Task to carry out: Leaving the pictures aside, transcribe the data below exactly.

Dataset section:
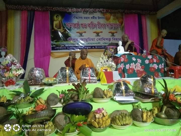 চট্টগ্রামের বোয়ালখালীর শ্রীপুর আমুচিয়া বোধিসত্ত্ব বিহারে দানোত্তম কঠিন চীবর দান অনুষ্ঠিত হয়েছে। এ উপলক্ষে শুক্রবার (২১ অক্টোবর) গ্রামের দায়ক/দায়িকাদের উদ্যেগে দিনব্যাপী নানান কর্মসূচী গ্রহণ করা হয়।
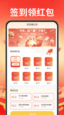 每日无门槛红包签到:每日签到可领最高 20 元现金红包,红包无使用门槛、秒到账,直接抵扣外卖费用,降低日常点餐成本。连续签到还能解锁更多随机红包,福利形式多样,让用户每次点餐都能享受实打实的优惠。
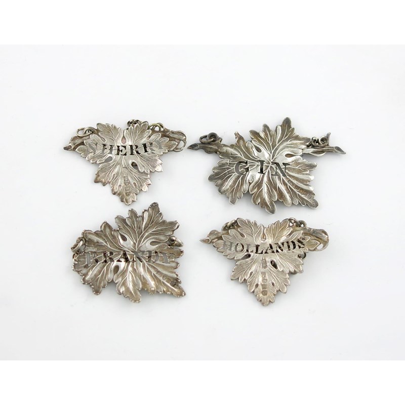 vine leaf form, comprising: pierced 'GIN', 'HOLLANDS', 'SHERRY' and 'BRANDY', approx. weight 1.2oz. (4)
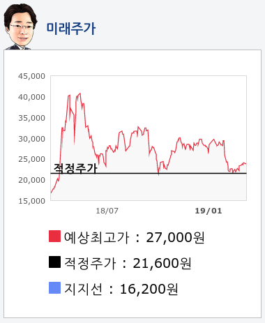 알파고의 재무데이터 분석 결과에 따르면 적정주가는 21,600원을 예상하고 있으며, 목표주가는 27,000원, 지지선은 16,200원 으로 예상하고 있다.

Reply:
 চট্টগ্রামের বোয়ালখালীর শ্রীপুর আমুচিয়া বোধিসত্ত্ব বিহারে দানোত্তম কঠিন চীবর দান অনুষ্ঠিত হয়েছে। এ উপলক্ষে শুক্রবার (২১ অক্টোবর) গ্রামের দায়ক/দায়িকাদের উদ্যেগে দিনব্যাপী নানান কর্মসূচী গ্রহণ করা হয়।
 每日无门槛红包签到:每日签到可领最高 20 元现金红包,红包无使用门槛、秒到账,直接抵扣外卖费用,降低日常点餐成本。连续签到还能解锁更多随机红包,福利形式多样,让用户每次点餐都能享受实打实的优惠。
 vine leaf form, comprising: pierced 'GIN', 'HOLLANDS', 'SHERRY' and 'BRANDY', approx. weight 1.2oz. (4)
 알파고의 재무데이터 분석 결과에 따르면 적정주가는 21,600원을 예상하고 있으며, 목표주가는 27,000원, 지지선은 16,200원 으로 예상하고 있다.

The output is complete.